I have a friend who was made redundant a few years ago - lives with her parents and is doing an OU course - more or less as a full time student - think she had a lot of savings and think her parents help her out with things but it's now several years since she worked and it sort of does worry me when we go out and she pays for some things but then I know that is what she wants to do. I think some of us just worry about the future a bit too much and just need to remind ourselves occasionally that on one level there really is no point in worrying about tomorrow until it actually gets here ... but I know that is really hard.

GlasgowNeil profile image
GlasgowNeil in reply toGambit62

I've always had money in the past but now find myself with only a little savings and I think my employer is more likely to dismiss me than allow me to be signed off for a long period. I understand the concept of mindfulness but my headaches make it so difficult at the moment to stay in the present or take pleasure from anything.

Gambit62 profile image
Gambit62 in reply toGlasgowNeil

I suffer from migraines so can understand the headaches making things difficult - describe it as thinking through treacle - though generally the headache isn't the worst bit for me ...

The employment thing is something that is obviously causing you quite a bit of distress at the moment - please go and see the CAB and make sure you really understand your rights. You might also want to think about joining a union if you aren't a member of one already - as that gives you access to a lot of information on your employment rights, and support in navigating your way through them. There is nothing worse than not really knowing where you stand but there are things that you can do about it.

Mindfulness isn't really something that needs concentration - it's actually used to treat patients with chronic pain as well as depression - though whether it really helps depends on whether you really succeed in getting what it is. You might find it helpful to see if there are any Buddhist meditation groups in the area that you could attend ... or even something like pilates or yoga might help.
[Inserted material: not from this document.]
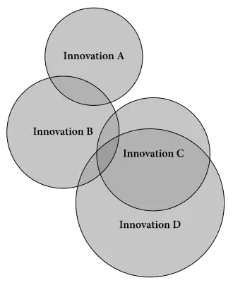 Ce diagramme d'Euler doit se lire comme une carte géographique, ou plus précisément dialectologique. Chaque cercle représente une innovation linguistique, comme des isoglosses sur une carte dialectale. À mesure qu'une innovation se répand dans le continuum dialectal, les cercles augmentent de diamètre au fil du temps, comme des ondes ou vagues sur la surface de l'eau frappée par une pierre. Les langues modernes résultent de l'accumulation, au fil du temps, des innovations linguistiques représentées par ces cercles ; par ex. dans ce schéma, une petite zone reflétera les innovations B, C et D. Les zones non recouvertes par des cercles sont les aires conservatrices, caractérisées par moins d'innovations depuis la langue ancestrale.
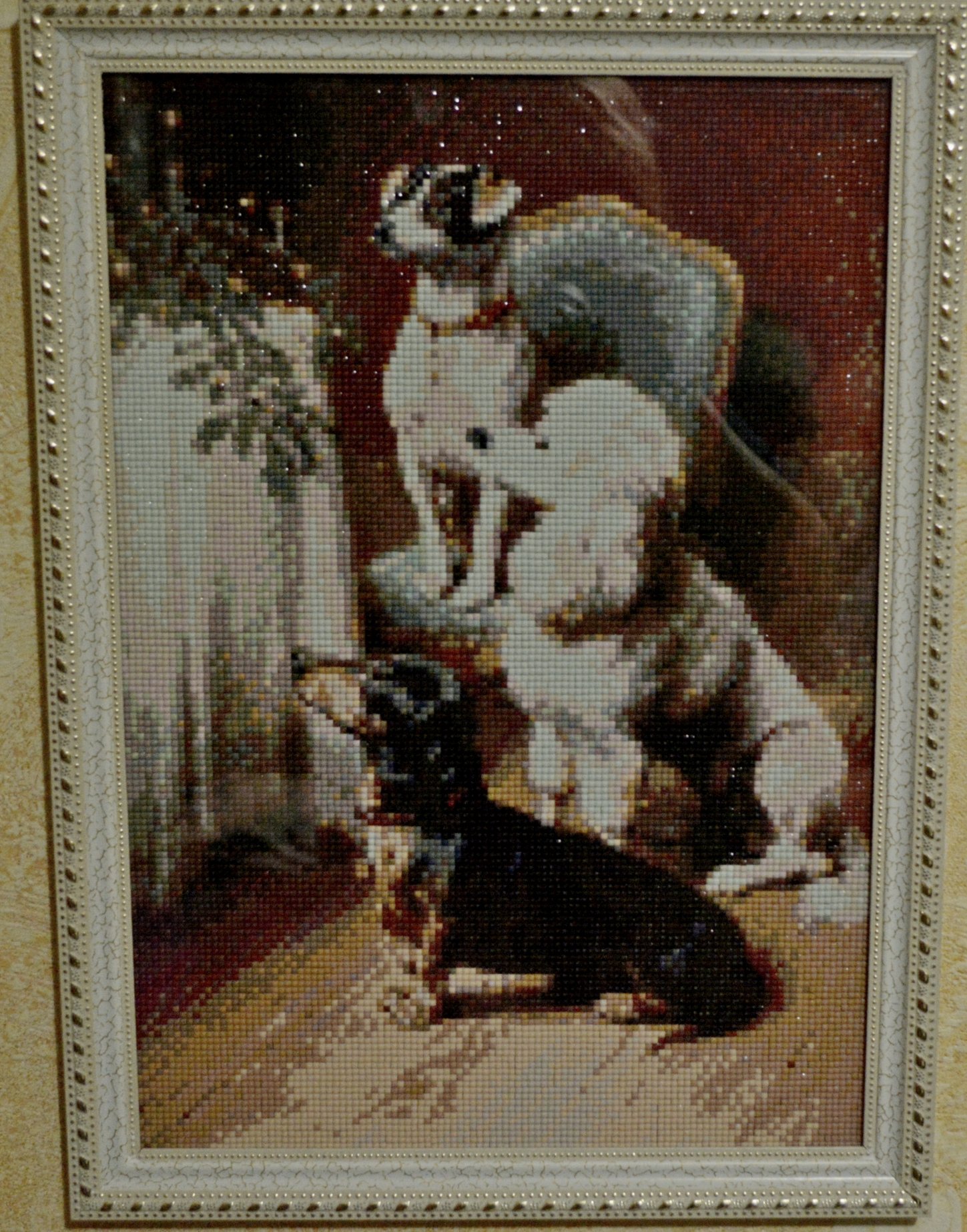 А мне и заказывать больше не хочется как-то...из-за того,что большая вероятность опять получить брак(((. Вот я смотрю на своих пуделей серебристых...вроде бы красиво, но мрачноватые они какие-то... Ну и то что ряды "поползли" из-за поддсохшего клея меня конечно расстроило,хотя когда на стене картина висит"поползших рядов не видно _______________________________________

Feel for you with the headaches though - sometimes I just have to sleep mine away.

GlasgowNeil profile image
GlasgowNeil in reply toGambit62

Thanks Gambit. I've thought about employment stuff, trouble is it's a job I don't think I want to go back to. It's a small organisation that does good work and I feel very guilty being off. I find it very stressful but I'm worried that will be the case with anything I do! I'm going on a Mindfulness 8 week course in January so hoping that will help.

Gambit62 profile image
Gambit62 in reply toGlasgowNeil

Know it is really hard not to feel guilty but it would probably do everyone more harm than good if you struggle on when you aren't really fit - something that came out very strongly for me when I was signed off earlier this year after struggling and getting really depressed working from home with a broken ankle when really I should just have been concentrating on the ankle - meant it all took a lot longer to resolve and it wasn't really until the end of the summer that I was really back to work properly.

Good that you are starting the mindfulness course in January - will be good to be working through it all with other people and sharing in person - very difficult to start it all on your own - I found the book I think I mentioned earlier useful but had been doing meditation based around mindfulness for many years. Still think it would be good to talk to someone about the legal situation and let your employer know how things are - it may be that the job you are trying to do isn't really doable but with some changes it would be and unless they get that feedback ... but understand that that is all a lot to take in at the moment - you need to concentrate on getting well.

GlasgowNeil profile image
GlasgowNeil in reply toGambit62

Thanks, you're right about needing to concentrate on getting well! It really is very nice of you to take the time with me. I really appreciate it.

Gambit62 profile image
Gambit62 in reply toGlasgowNeil

That's okay - it keeps me out of mischief :)

1darkangel profile image
1darkangel

Totally agree with Gambit I could not have put it any better.